Apart from the tablet of the Hittite treaty (which was subsequently carved in the middle of that wall) the titulary bandeau at the top of the wall was the only element of Ramesses II that remained here. It might be assumed the war scenes that replaced the Kadesh reliefs to either side of the treaty also belonged to Ramesses II,113 before they were usurped by Seti II (whose names now occupy the cartouches), but this appears to be impossible. In the first place, a close examination of these cartouches reveals clear traces of Seti II's father, Merneptah, as the underlying version (Fig. 56).114
Fig. 56: Cartouches of Merenptah usurped by Seti II from the war reliefs on the west wall of the Cour de la cachette.
The same scholar who first discovered these traces has also proposed traces of an intermediate version, belonging to Amenmesse – but while it is most likely that the latter vandalized Merneptah's cartouches here, as in many other places, we have found no convincing evidence that Amenmesse's names were ever carved here. More to the point, it is unlikely that Merneptah's names were preceded in these cartouches by those of Ramesses II: the recutting is simply not deep enough to make a double usurpation (i.e. Ramesses II ! Merenptah ! Seti II) probable.115 Ramesses II's bandeau text thus must have been sufficient to "claim" these erased, blank surfaces for this king throughout the remainder of his reign, until the present war scenes were added by Merneptah. The space that was left blank at the southeast corner of the Hall, beside a doorway and beneath scenes decorated by Ramesses II, is a convincing analogy, indicating the way large expanses on temple walls could be "claimed" by individual rulers with a minimum of decoration.
4.3 Loose Blocks and Fragments from the Great Hypostyle Hall
A preliminary survey of fragments from the tops of walls scattered around the precinct of Amen, made early in the 1980s, turned up over 120 blocks. A number of previously unnoted blocks were found in 1991 when these results were checked. Even more blocks were identified in later seasons, 73 in 2002 alone, bringing the speculative total to over 3000. Recording these blocks will make it possible to study them, with the ultimate goal of joining them into scenes and integrating them into the decoration which remains in situ on the walls of the Great Hypostyle Hall.

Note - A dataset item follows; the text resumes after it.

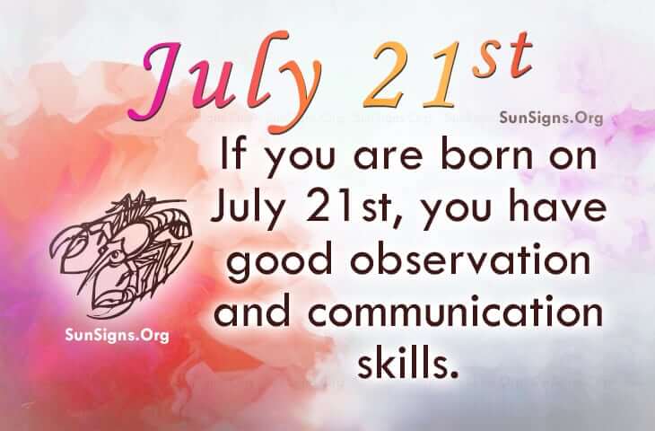 Famous people born on JULY 21 are born under the zodiac sign Cancer. This personality is filled with many qualities such as communication and observation skills which are accompanied with lots and lots of energy.

Conserving and moving these fragment to cement risers built for them began in 2000. Funds for doing all this were granted by the National Endowment for the Humanities. To illustrate the results which are expected from this part of the project, the expedition team has reconstituted and collated a wall scene that can be placed more or less exactly in only one area, on the south wing of the west wall, where there is comparatively little material of commensurate size missing.116 Janusz Karkowski, working with these fragments in 2000 and 2002, has also reconstructed the decorative scheme of the north gateway's interior lintel. It is hoped that these demonstrations will persuade funding agencies that conservation and analysis of this material is urgently needed so that sections of the building which are not in situ may be integrated back into it, first on paper as a necessary preliminary to rebuilding the parts of the Hall which are now missing, if that is what is ultimately desired.
4.4 Columns and Architraves
During its visit to Karnak in May 1999, the Supreme Council of Antiquities' Permanent Committee called attention to the bases of the columns inside the Great Hypostyle Hall. At present these are a distressing sight, not only due of the discordant ways in which they have been restored in different parts of the Hall, but because the few original bases that do survive are in such poor condition. Most bases are covered by modern restorations – either in cement (which predominates in the northern half of the Hall) or masonry (southern half), leaving relatively few of the original bases visible.117 All of the remaining texts on these bases are secondary additions, and nothing survives of any original decoration by either Seti I or Ramesses II (if it ever existed). Two bases in the Hall's northern half (Columns 75, 79) preserve traces of a titulary inscribed by Ramesses IV. King Herihor carved a restoration text on bases of the papyrus bundle columns in the southern half of the Hall, and one of these bases also bears Ramesses IV's names.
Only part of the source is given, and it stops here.